It was also the weekend that UN (US agent) weapons inspector David Kay told the US Senate Armed Services Committee that "it turns out we were all wrong, probably," about the perceived Iraqi threat of WMD. From this point on public support by Coalition Governments and populations can be seen to have steadily declined. Bremer doesn't seem to have noticed - except when Kay produced his interim report in October to the Senate he said (page 185) the lack of WMD's must have been, " ..bitter news on the Pentagon E Ring" ... you bet. The Chancelleries of Europe were not too pleased either.

Among the dead were KDP Deputy Prime Minister Sami Abdul Rahman and KDP Minister of Agriculture Saad Abdullah Adnan Mufti, and several other key Kurdish politicians died in the bombings - Responsibility for the blasts was claimed by a hitherto obscure group calling itself Ansar al-Sunna (Defenders of the Tradition), which trumpeted the attack as a blow against "two dens of the devils . . . inflicting harm on the collaborators with the Jews and Christians." (Associated Press, 4 February 2004)

Ansar al-Sunna is caimed to have evolved from Ansar al-Islam [Defenders of Islam], a group with ties to Iran and which administration officials have linked to al-Qaeda.

Operating under the title Jund al-Islam (Soldiers of Islam), Ansar al-Islam grew out of the September 2001 unification of several militant Islamist groups which had taken root in the mountains of northern Iraq along the Iranian border.

At the time of the invasion US Special Forces, coupled with PUK peshmerga, attacked the town of Khurmal 3 miles from the Iranian border on 29th March 2003, killing or scattering hundreds of fighters who had gathered there.

Ansar al-Islam adheres to a rigid militaristic Salafi ideology. Its founding declaration states that "jihad in Iraq has become an individual duty of every Muslim after the infidel enemy attacked the land of Islam" and unequivocally claims itself as a pan-Islamic movement.

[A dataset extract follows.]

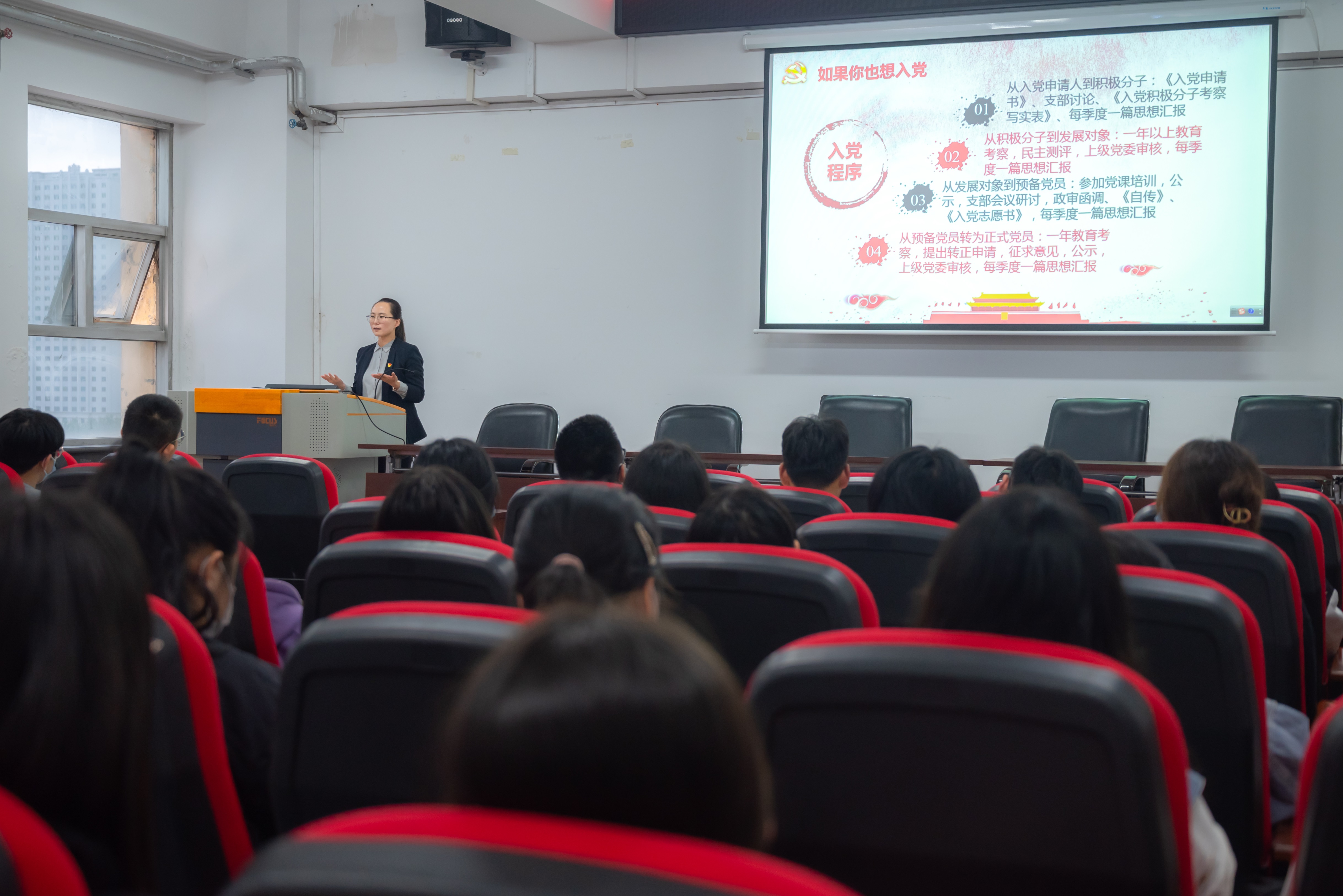 黄老师以《八秩芳华红色传承 坚定理想筑梦未来》为题,向大家介绍了发展党员工作流程,明确了入党申请书、思想汇报等发展党员工作相关材料的书写规范和具体注意事项,解答了同学们在入党具体流程中的困惑,就如何以实际行动争取早日入党向同学提出了建议和期望: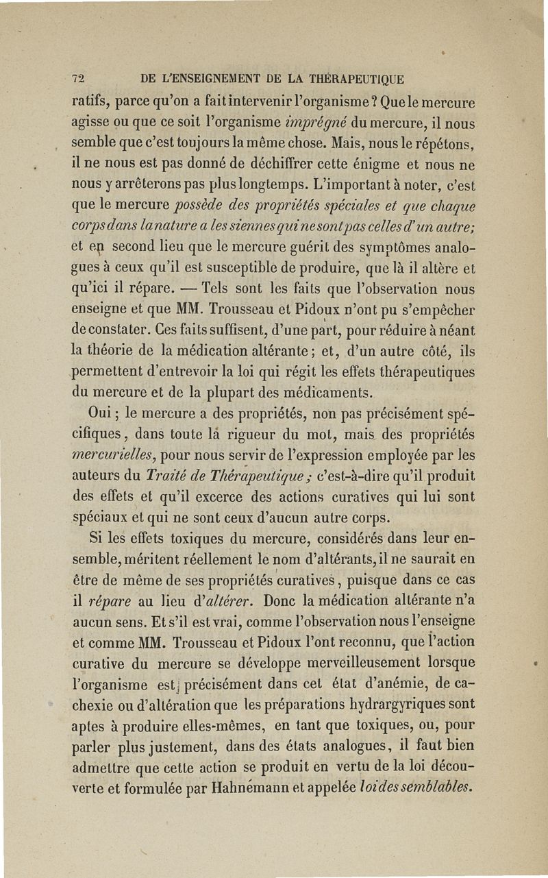De l'enseignement de la thérapeutique à l'Ecole de Paris: examen du Traité de thérapeutique et de matière médicale de MM. Trousseau et Pidoux

If anything this event stiffened the resolve of the Kurds to establish their own rule in what they see as their territory, also blaming the US for allowing the Iranian border to be penetrated by Iranian backed and financed "foreign" insurgents.

Kim Howells in Kurdistan

It is therefore interesting that in visiting the Kurdish territories this week British Minister of State for the Middle East Dr. Kim Howells met President Masoud Barzani and KRG Prime Minister Nechirvan Barzani to discuss energy and infrastructure - which means the future government of Kirkuk and it's oil.

Rentagob and highly peripatetic Howells (he was in Cyprus and Kuwait this week) said he supports settling the Kirkuk issue through a free, fair, and transparent referendum in accordance with Article-140 of the Constitution of Iraq.

It is therefore interesting that Howells in touring road projects, conference and cultural centres, housing projects, the new expanded airport , and the University of Salahaddin he also found the time to visit the Sami Abdul Rahman Park where he paused (in a well advised stop) at the memorial to the martyrs of the 1 February 2004 terrorist attacks in Erbil.

Oil Drilling commenced / University of Kurdistan

Turkey’s Ganel Enerji and Switzerland’s Addax Petroleum International Ltd. (and here)started drilling at Taqtaq, near Koysinjaq, (click here for large map) east of the regional capital Erbil in May in the first new oil development in the area since the invasion which Prime Minister Nechirvan Barzani said ...

"According to the new Iraqi constitution we have all the rights to explore and produce the oil of our land and to exploit it to meet the peaceful needs of our people. We secured these rights through the sacrifice and struggle of our people, the result of thousands of people who have shed their blood in martyrdom for this land, and through the thousands who were displaced. We shall, therefore, never be prepared to surrender these rights."

A point no doubt that he made forcefully when he and Mr Howells discussed "energy and infrastructure".

He may have also discussed the opening of The University of Kurdistan – Hawler, in Erbil which will commence course with 400 Kurdish students in September 2006. Course will be in English and will be validated by Bradford University. Bradford University will monitor the curricula, the quality of teaching and the process of examination. Arrangements are also being made for Bradford University to accredit the University of Kurdistan’s degrees.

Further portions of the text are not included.